Music Review: Sarasota Opera Celebrates 30 Years with Victor DeRenzi


  • By
  • | 4:00 a.m. April 4, 2012
Victor DeRenzi. File photo.
Victor DeRenzi. File photo.
  • Arts + Culture
  • Share

There are some performances that are important events. There are others that are important evenings of music-making. Victor DeRenzi’s recent celebration of 30 years with the Sarasota Opera was a lot of both.

The stage was filled by the Sarasota Opera Orchestra, risen from the pit and fully visible, as well as admirably audible. Behind them was a chorus of about 40 singers taken from the various ranks of this season’s Sarasota Opera roster. And, at various times downstage, were this year’s excellent soloists.
It was a gala evening with an inventory of composers from Beethoven, Bellini and Boito, to Verdi and Wagner, and there were highlights that will stay with us for some time to come.

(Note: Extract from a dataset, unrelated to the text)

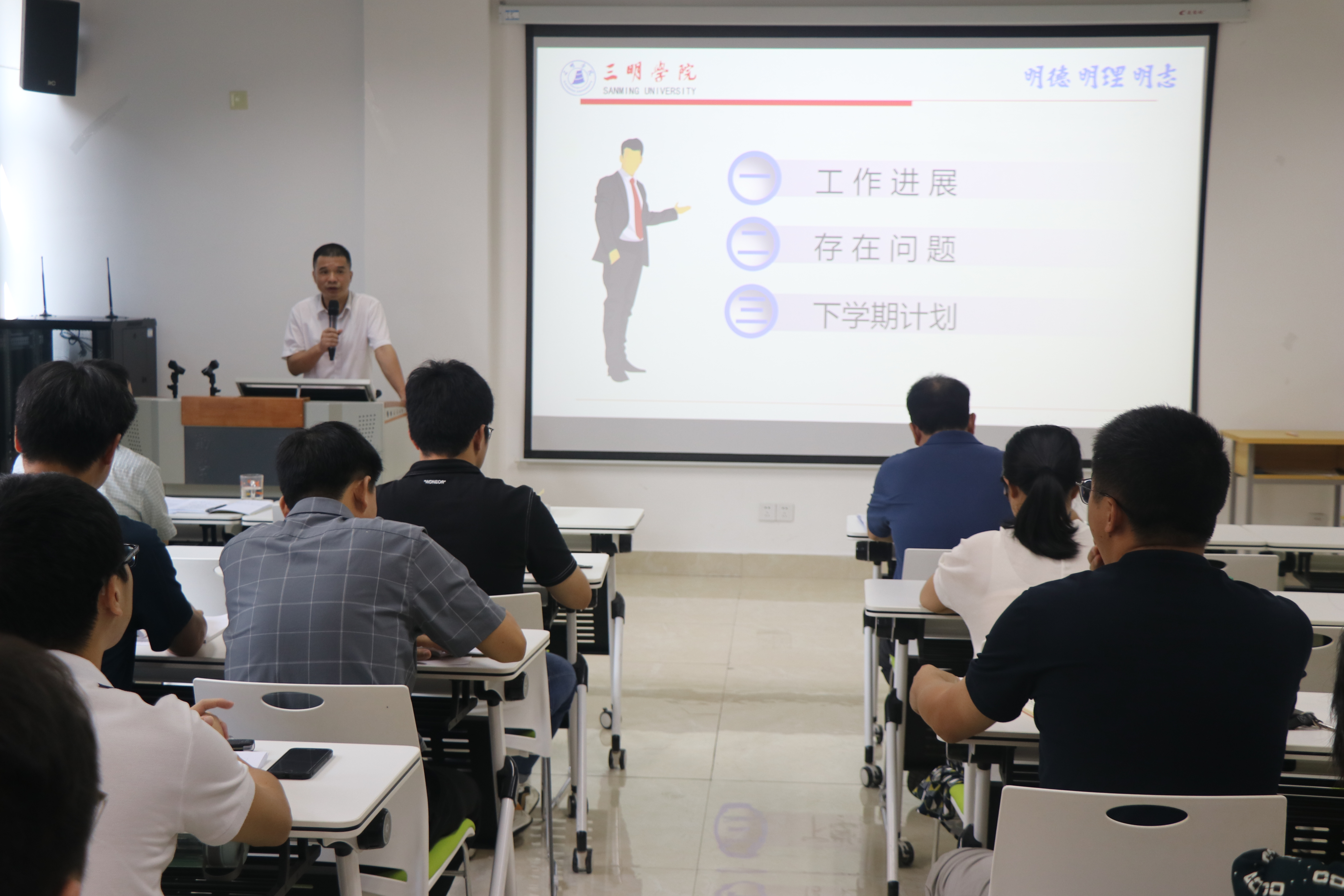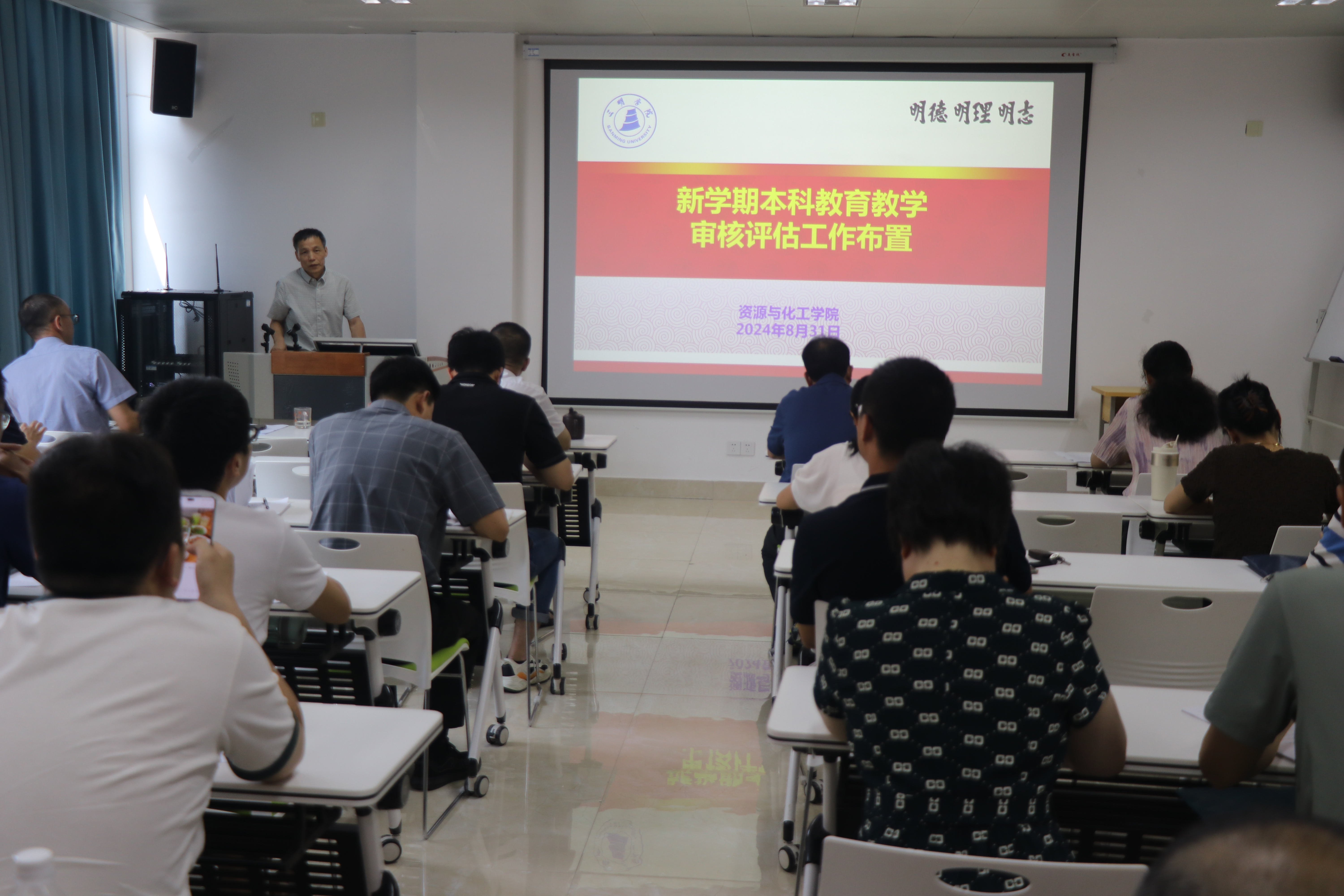 会议对新学期本科教育教学审核评估工作进行了专题辅导,此外还围绕科研立项、就业攻坚、开学初教学准备工作、2024级迎新工作等内容进行了布置。会议最后对2023-2024学年师德师风年度考核工作进行布置并开展同行评议。

Opening with the ballet music from Verdi’s “Otello” made perfect musical sense, because “Otello” was one of this season’s greatest hits, and hearing the superb orchestra joined (briefly) by members of the grand chorus was thrilling. So was Maria D’Amato’s rich performance of “Casta diva” from Bellini’s “Norma,” especially because the soprano had just come from singing Desdemona in the house that same afternoon!

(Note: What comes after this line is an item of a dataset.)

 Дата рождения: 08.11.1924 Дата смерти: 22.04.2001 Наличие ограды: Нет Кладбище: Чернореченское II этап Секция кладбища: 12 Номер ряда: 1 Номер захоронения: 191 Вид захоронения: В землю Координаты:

The final scene from Beethoven’s “Fidelio,” featuring Kara Shay Thomson, Sarah Asmar, Mathew Edwardsen, Adam Ulrich, Jeffrey Beruan and Stephen Fish, showed a leaner, keener, almost Mozartean side of DeRenzi. Here, soloists, chorus and orchestra are equals, swooping, diving and tumbling together like acrobats without a net, yet never diminishing Beethoven’s musical intent.

The prelude and “Liebestod” from Wagner’s “Tristan und Isolde” blew us away, from the exquisite cello solo in the prelude, to Thomson’s gorgeous delivery of the “Liebestod.” With every note under control, she gave us a spine-shivering, brilliantly sung account of one of music’s finest moments.

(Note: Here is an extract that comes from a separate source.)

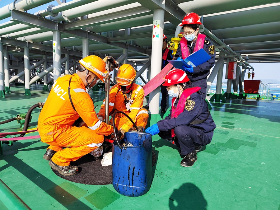 惠州港海關(guān)關(guān)員在馬鞭洲原油碼頭對(duì)進(jìn)口原油進(jìn)行取樣。 惠州日?qǐng)?bào)記者劉煒煒 通訊員吳雨霏 攝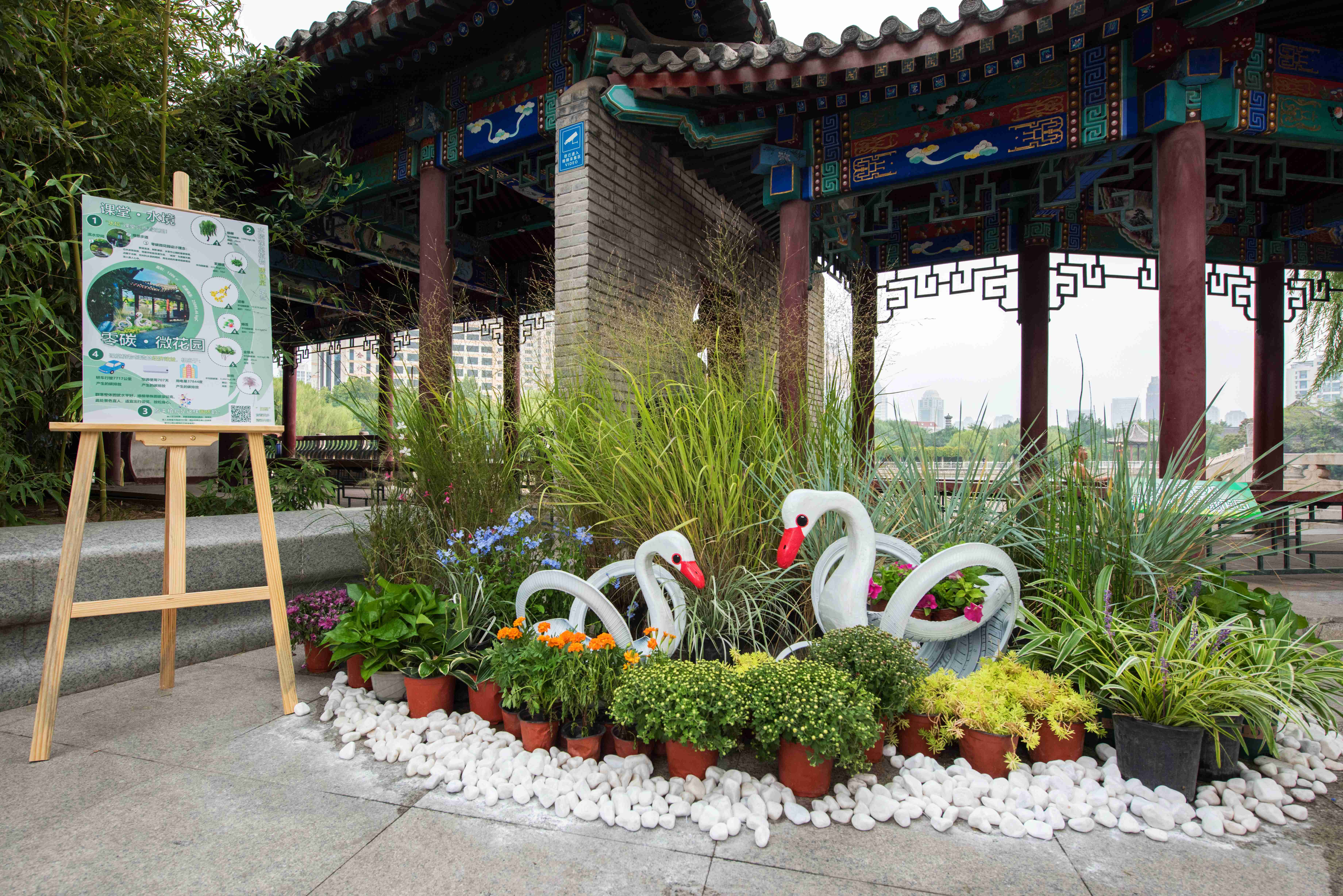 作為人民公園建園160周年活動的獻禮,由低碳數字植物園發起的首屆零碳微花園展通過對廢舊、閑置物品的回收利用和創意設計,體現低碳環保與景觀藝術的完美結合。王洪成教授團隊在展園設計和科研指導方面發揮了示范作用,這場低碳風景的呈現匯聚了團隊的智慧與創造力。展覽結束后,12個空間將繼續為市民提供展示低碳環保創意的平臺,成為微型低碳創意景觀作品的展示空間。

Danielle Walker and Joshua Kohl seemed risen on wings of song in the glorious Act II duet from Puccini’s “Manon Lescaut.” But, for me, the absolute height of a splendid program came in the finale, when bass Young-Bok Kim, the chorus, members of the company’s Youth Opera, full orchestra and off-stage brass catapulted us through the roof with the prologue from Boito’s “Mefistofele.” This is the kind of music making that converts atheists to believers and non-opera goers to music nuts.

It was a mighty tribute and accolade to the well-deserved tenure of DeRenzi. In fact, as an encore, DeRenzi repeated the last part of the prologue, perhaps looking toward another 30 years.